Segment Start: Excerpted data
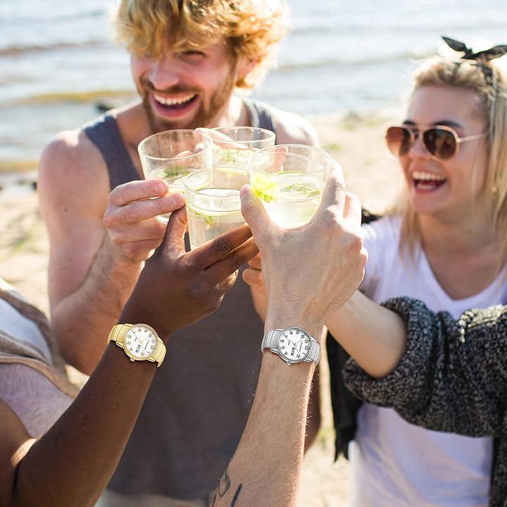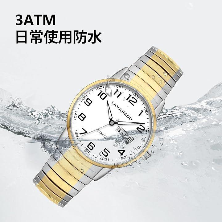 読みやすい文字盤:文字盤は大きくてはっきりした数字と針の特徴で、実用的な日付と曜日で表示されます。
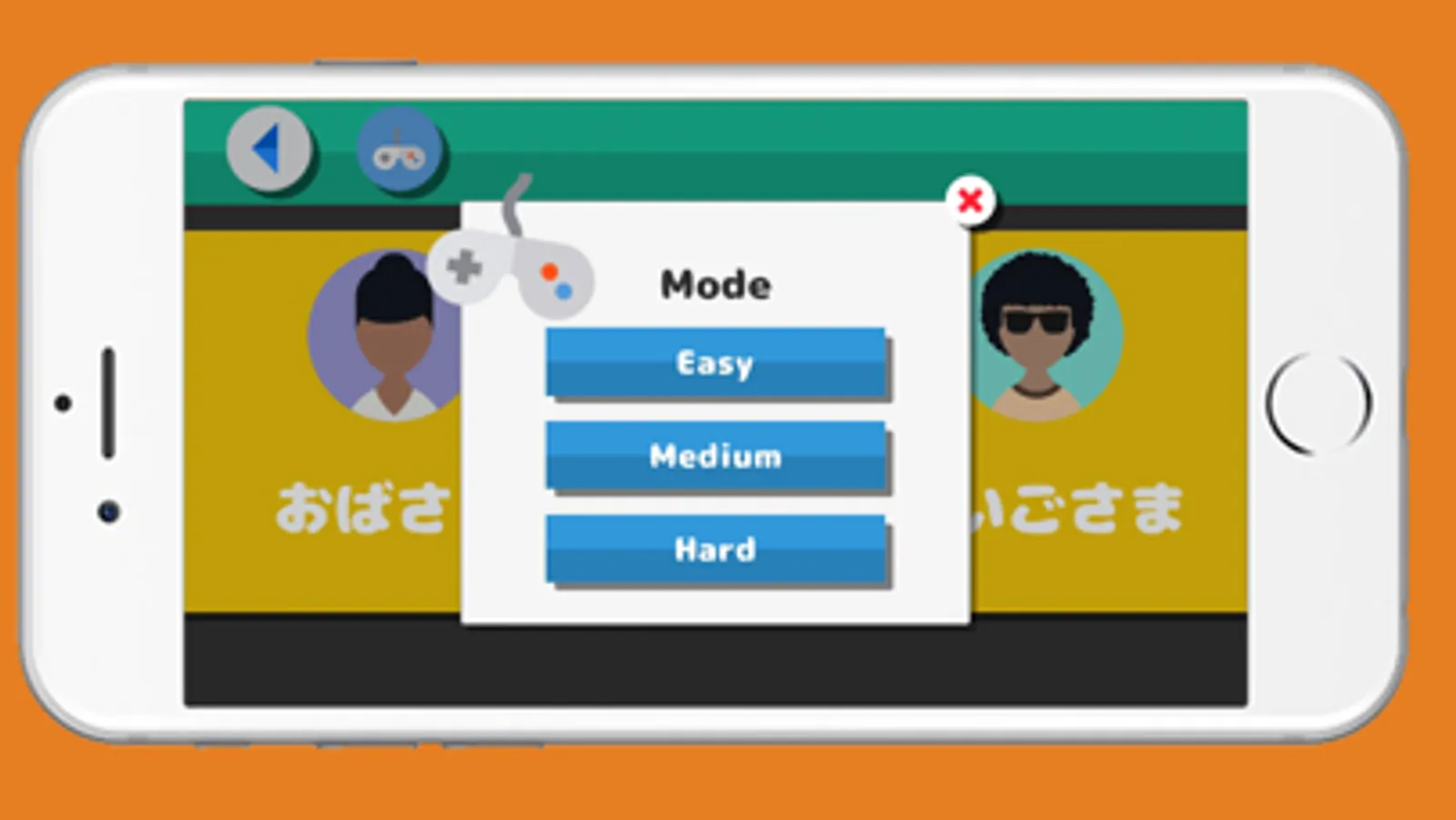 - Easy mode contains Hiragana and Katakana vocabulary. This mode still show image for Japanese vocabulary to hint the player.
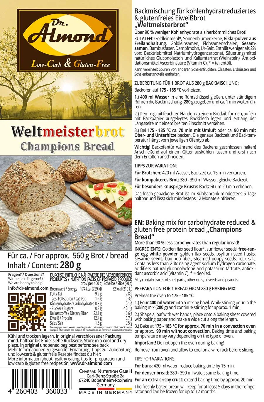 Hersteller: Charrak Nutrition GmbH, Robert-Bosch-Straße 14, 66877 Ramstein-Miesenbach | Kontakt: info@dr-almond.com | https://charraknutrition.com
Segment End: Excerpted data
Segment Start: Excerpted data
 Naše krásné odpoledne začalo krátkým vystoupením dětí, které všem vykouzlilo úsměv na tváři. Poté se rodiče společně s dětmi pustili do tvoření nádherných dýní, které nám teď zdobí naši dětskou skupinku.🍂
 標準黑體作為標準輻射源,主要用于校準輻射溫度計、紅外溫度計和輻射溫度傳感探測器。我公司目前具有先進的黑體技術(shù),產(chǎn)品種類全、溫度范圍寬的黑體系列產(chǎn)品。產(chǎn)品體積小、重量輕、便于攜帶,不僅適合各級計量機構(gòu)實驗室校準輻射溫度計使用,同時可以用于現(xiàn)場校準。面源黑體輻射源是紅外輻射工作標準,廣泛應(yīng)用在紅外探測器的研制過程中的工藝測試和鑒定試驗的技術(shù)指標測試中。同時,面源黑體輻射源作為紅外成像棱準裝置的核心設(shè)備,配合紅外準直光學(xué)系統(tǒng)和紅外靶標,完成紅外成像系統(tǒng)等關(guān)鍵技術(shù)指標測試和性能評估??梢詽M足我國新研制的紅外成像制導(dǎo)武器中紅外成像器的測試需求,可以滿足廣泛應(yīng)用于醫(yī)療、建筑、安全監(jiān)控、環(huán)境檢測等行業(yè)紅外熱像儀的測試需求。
Segment End: Excerpted data
Segment Start: Excerpted data
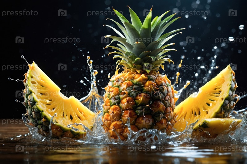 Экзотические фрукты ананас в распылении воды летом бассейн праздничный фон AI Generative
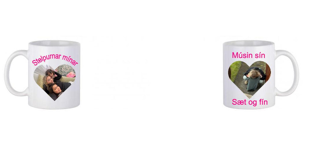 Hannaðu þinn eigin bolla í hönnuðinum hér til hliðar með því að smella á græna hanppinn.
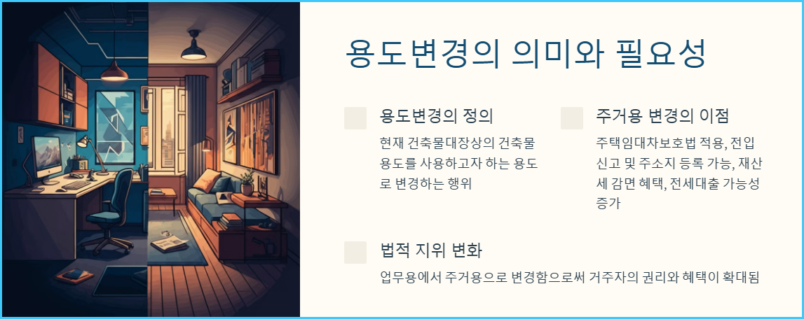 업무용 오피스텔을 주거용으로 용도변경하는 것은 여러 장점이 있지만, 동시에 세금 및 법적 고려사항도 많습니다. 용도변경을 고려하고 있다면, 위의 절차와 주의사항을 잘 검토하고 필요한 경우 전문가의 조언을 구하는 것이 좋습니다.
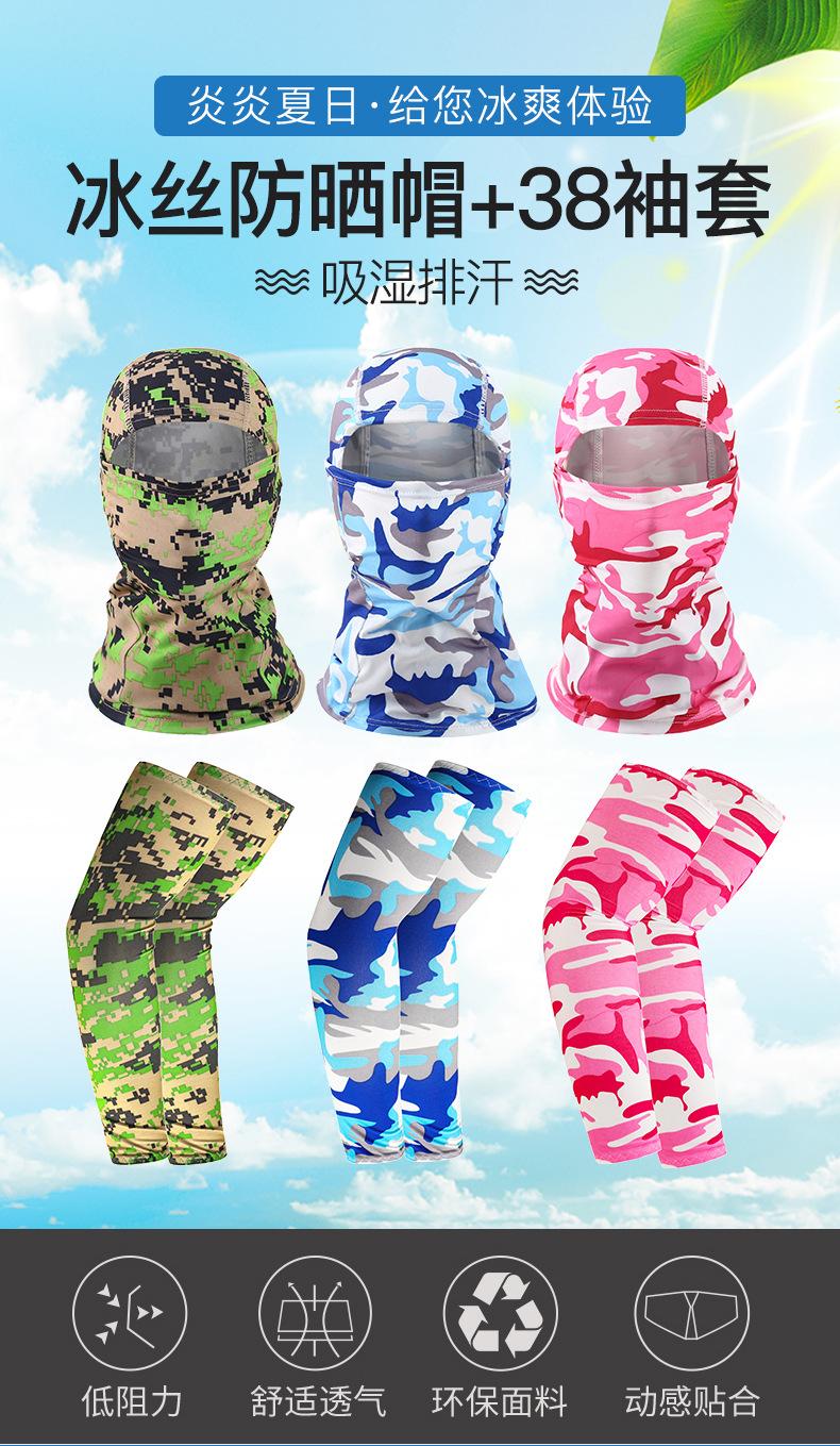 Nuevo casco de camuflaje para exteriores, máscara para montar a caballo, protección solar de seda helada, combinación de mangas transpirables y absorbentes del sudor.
Segment End: Excerpted data
*Task instructions*:
Please transcribe exactly the part of the records that opens with the line containing "読みやすい文字盤:文字盤は大" and closes with the line containing "Hersteller: Charrak Nutrition", both ends included, and leave out the pictures.

*Response to this exercise*:
 読みやすい文字盤:文字盤は大きくてはっきりした数字と針の特徴で、実用的な日付と曜日で表示されます。
 - Easy mode contains Hiragana and Katakana vocabulary. This mode still show image for Japanese vocabulary to hint the player.
 Hersteller: Charrak Nutrition GmbH, Robert-Bosch-Straße 14, 66877 Ramstein-Miesenbach | Kontakt: info@dr-almond.com | https://charraknutrition.com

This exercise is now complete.